Здоровые человеческие клетки могут единовременно запускать до 10 тысяч генов для осуществления необходимых клеточных реакций. При этом может производиться от нескольких штук до нескольких тысяч копий рабочих генов, так называемых матричных РНК (мРНК). Все они имеют строгое стратегическое расположение, от которого зависит процесс регуляции роста и развития клеток и тканей.
Раньше исследователи могли перемолоть клетки, чтобы составить всего лишь каталог РНК, которые в ней находятся или использовать флуоресцентные маркеры для отслеживания экспрессии не более чем 30 РНК. К сожалению, эти способы не дают возможности создать полную картину процессов, происходящих внутри клетки, и не позволяют узнать, в какой именно её части каждая из РНК дислоцируется, а также каков набор функций той или иной молекулы.
И вот теперь команда учёных из Института Висса при Гарвардском университете (Wyss Institute) и Гарвардской медицинской школы (HMS) в сотрудничестве с Институтом наук о мозге Аллена (Allen Institute for Brain Science) разработала новый метод, благодаря которому можно определить точное местоположение тысяч матричных и других РНК в живой клетке. Причём параллельно происходит определение последовательности нуклеотидов РНК (секвенирование), которое даёт информацию о том, что именно делает данная конкретная молекула.
Учёные обрабатывали клетки химическими веществами, которые позволяли зафиксировать тысячи РНК на своём месте. Затем исследователи воспользовались технологией полони-секвенирования, а именно флуоресцентным секвенированием РНК «на месте» (FISSEQ), которая была разработана одним из авторов работы доктором Джорджем Чёрчем (George Church).
С помощью специальных ферментов на основе каждой РНК было построено множество соответствующих ей реплик ДНК. Эти реплики оставались рядом с тем местом, где были произведены и объединялись друг с другом в крошечные наношарики.

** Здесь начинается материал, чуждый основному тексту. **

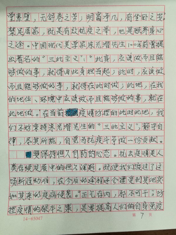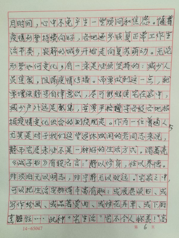 要保持静守自律的心态。自疫情爆发至今,我们按照上级防疫要求,禁足宅家已两月时间,心中不免产生一些烦闷和焦虑。随着疫情形势持续向好,各地逐步恢复正常工作生活节奏,寂静的城乡开始走向复苏萌动。无论形势如何变化,有一条是必须坚持的:减少人员聚集,阻隔疫情传播。而要做到这一点,就要增强静守自律意识,尽可能继续宅在家中,减少户外远足聚集,并要严格遵守各级各地依据疫情变化出台的制度规定。作为一位普通人,尤其是对于我们这些退休赋闲的老同志来说,静而宅居未必不是一种好的生活方式。诸葛亮《诫子书》有段名言:“静以修身,俭以养德。非淡泊无以明志,非宁静无以致远。”宅家之中,可以把生活安排的丰富有趣:或展卷读书、或写作绘画、或品茗赏曲、或修花弄草、或下厨烹饪……此种“宅生活”岂不令人称羡!“高堂素壁,无舒卷之劳;明窗净几,有坐卧之安。”禁足居家,既是有效抗疫之举,也是颐养身心之途。中国现代美学家朱光潜先生100年前曾提出著名的“三此主义”:“此身,应该做而且能够做的事,就得由此身担当起;此时,应该做而且能够做的事,就得在此时做;此地,在我的地位、环境中应该做而且能够做的事,就在此地做。”在当前疫情防控的此时此地,我们不妨秉持朱光潜先生的“三此主义”,静守自律,尽其所能,自觉为“抗疫”斗争作一份贡献。
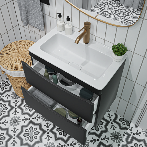 Тумба под раковину Ostin 60 подвесная черная матовая
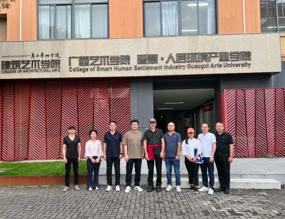 隨著授課結束,在院環(huán)境設計系主任邊繼琛教授的帶領下,余工一行人參觀了建筑藝術學院,不管是其建筑設計成果展示還是院系內的實操基地,都能讓參觀的一行人感受到廣藝建筑藝術院滿滿的藝術設計氛圍。
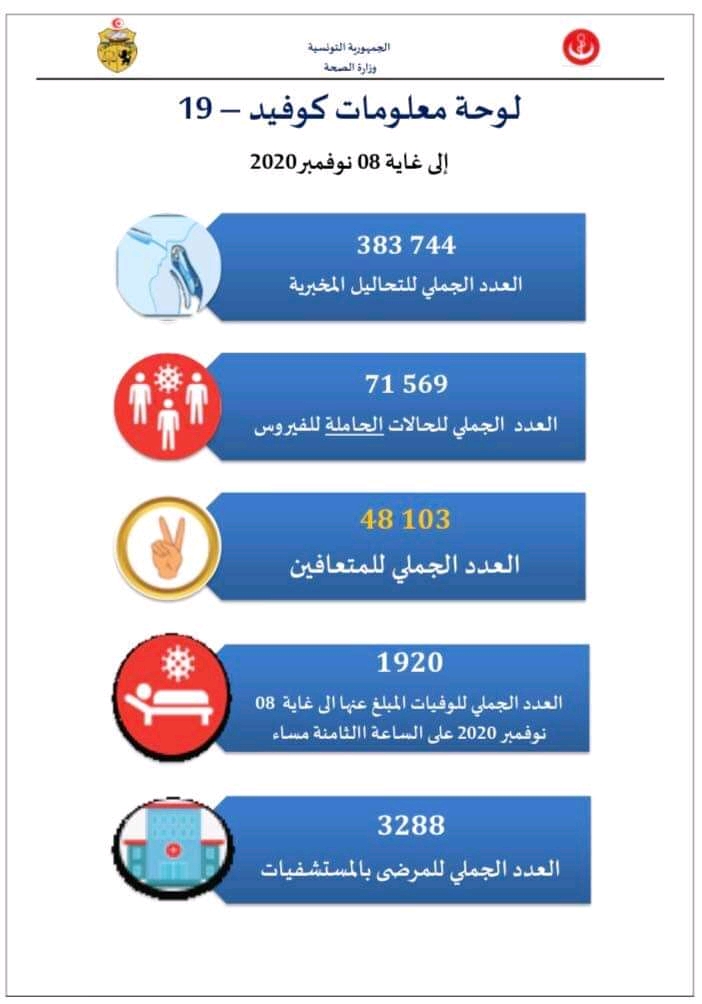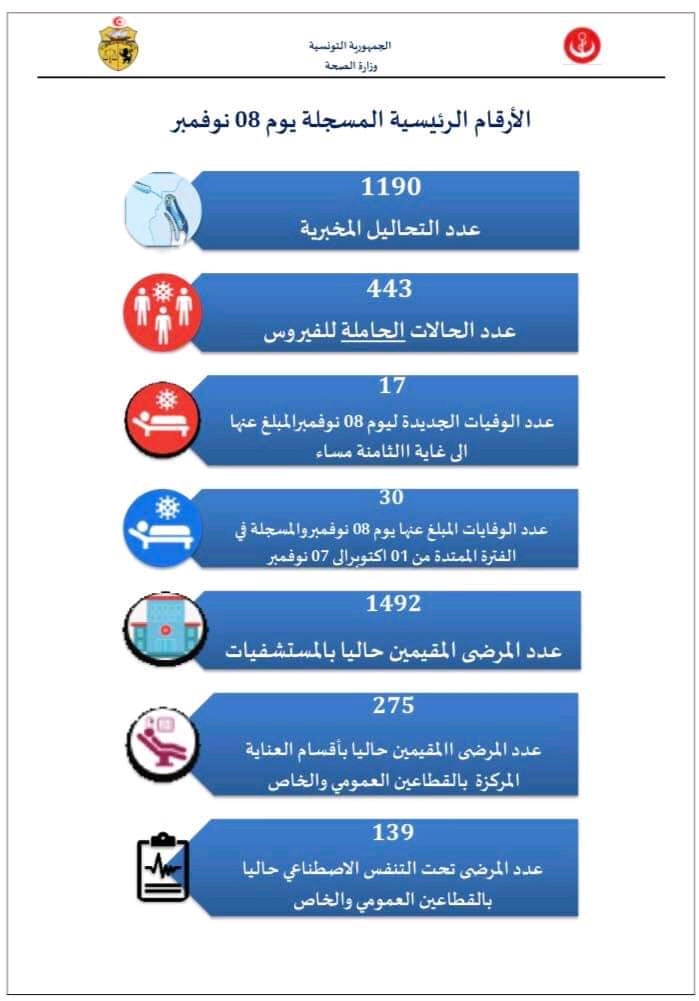 Tunisie-Tribune (Bilan du Covid-19 en Tunisie) – Le ministère de la Santé a annoncé, dans un communiqué publié aujourd’hui lundi 9 novembre 2020, qu’à la date du 8 novembre 2020, 443 cas de coronavirus ont été enregistrés dans le pays.
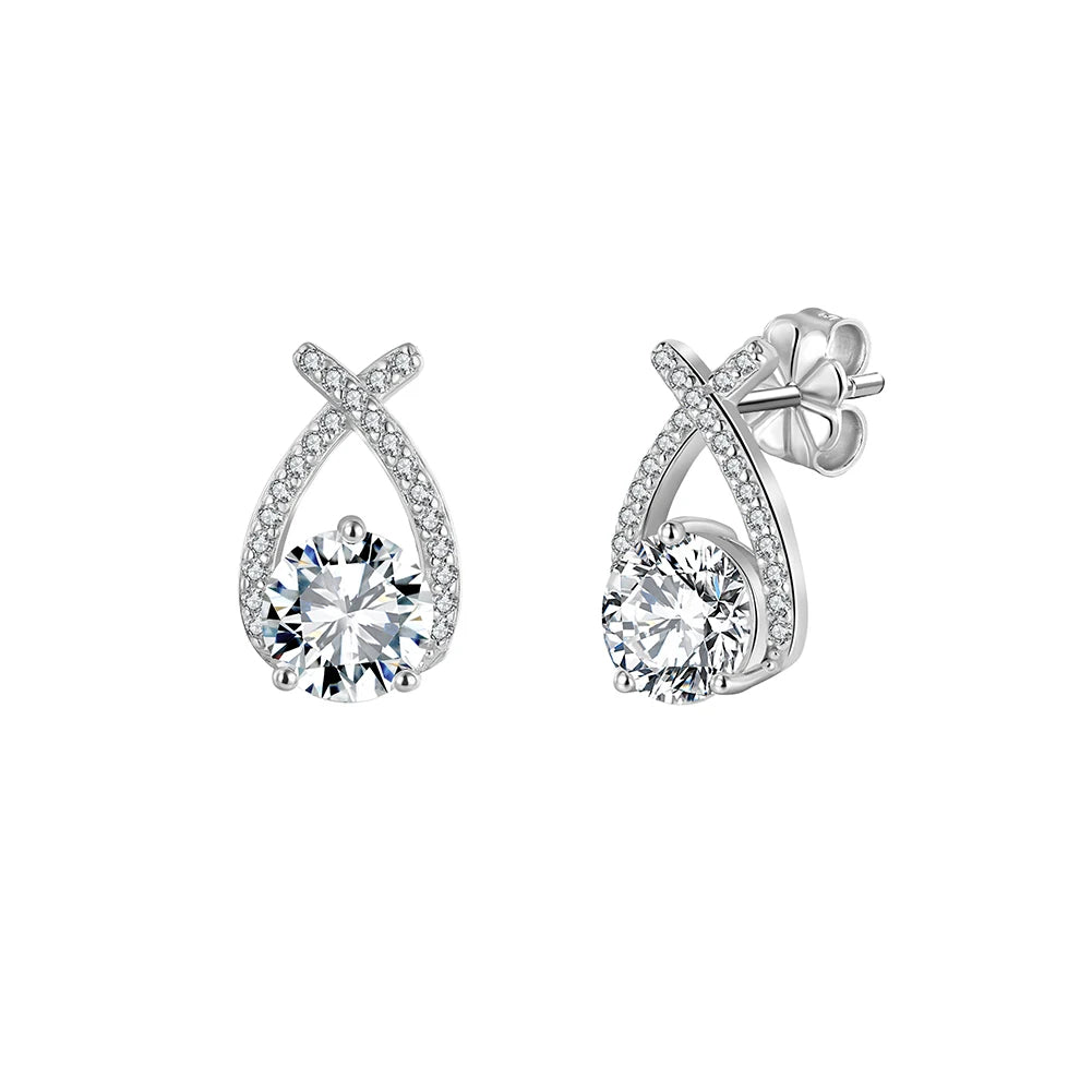 Infinity Drop Moissanite Studs Earrings in Sterling Silver: These stud earrings feature an elegant infinity-inspired drop accented with sparkling moissanite for a graceful, modern look. Crafted in high-quality sterling silver, they deliver diamond-like brilliance with a lightweight, comfortable fit. Perfect for everyday wear or subtle evening styling, these earrings add effortless movement and refined shine to any outfit.
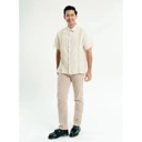 Koko Bapak :Kemeja koko lengan pendek warna cream dengan detail bordir vertikal berbahan adem.
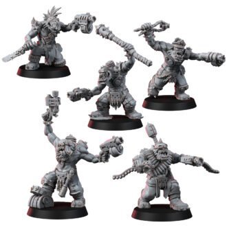 Dis set of five models on 32mm bases captures all da fiery rage and wild energy of da Yoofs. Dey might not ‘ave da strength or cunning of da older boyz, but dey make up for it with reckless bravado, rusty weapons, and moped engines jammed in their backs-barely holdin’ together but roarin’ like a proper WAAAR!
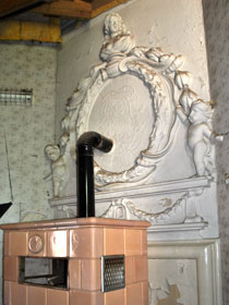 Das Ofenrohr im Ehrenkranz ist natürlich der Hammer unter allen Details im Haus, dagegen ist der Wandschrank im historischen Türrahmen gar nichts. |

Для того чтобы точно определить положение каждого из них, было необходимо дать им уникальные «адреса».
Здесь к работе подключились доктор Че Хук Ли (Je Hyuk Lee) и аспирант Эван Догерти (Evan Daugharthy).
Молекулярные биологи добавляли в клетки четыре флуоресцентных красителя, каждый из которых соответствовал одному из четырёх нуклеотидов, составляющих цепочку ДНК. По расположению этих молекулярных «лампочек» исследователи определяли последовательность из 30 нуклеотидов, которых было достаточно для создания своеобразного паспорта исходной РНК.
В итоге с помощью электронного микроскопа учёные получили возможность буквально разглядеть «с высоты птичьего полёта» дислокацию 8742 генов одновременно, о чём они сообщили в статье, опубликованной в журнале Science.
Как сообщается в пресс-релизе Института Висса, для тестирования своего метода исследователи создали в чашке Петри имитацию раны и проследили дальнейшую миграцию и взаимодействие клеток. Оказалось, что на краю разрыва работают 12 из 6880 генов, активность которых либо гораздо больше, либо гораздо меньше, чем в тех клетках, которые не участвуют в процессе «заживления». Эксперимент наглядно показал, что таким способом можно обнаружить новые маркеры поражённой ткани, а также новые мишени для направленной молекулярной терапии.
Разработанный метод имеет большое значение для развития молекулярной биологии. Учёные надеются, что он поможет понять, как именно функционирует здоровая клетка и что становится причиной развития разнообразных болезней. В частности, с помощью FISSEQ исследователи надеются разобраться в причинах возникновения раковых заболеваний и найти способ их диагностирования на ранних стадиях. По мнению специалистов, ключом к успеху здесь станет понимание механизмов изменений во внутриклеточных и межклеточных взаимодействиях.
Кроме этого учёные рассчитывают увидеть, каким образом происходят трансформации в тканях в процессе эмбрионального развития и планируют построить трёхмерную карту нейронов головного мозга.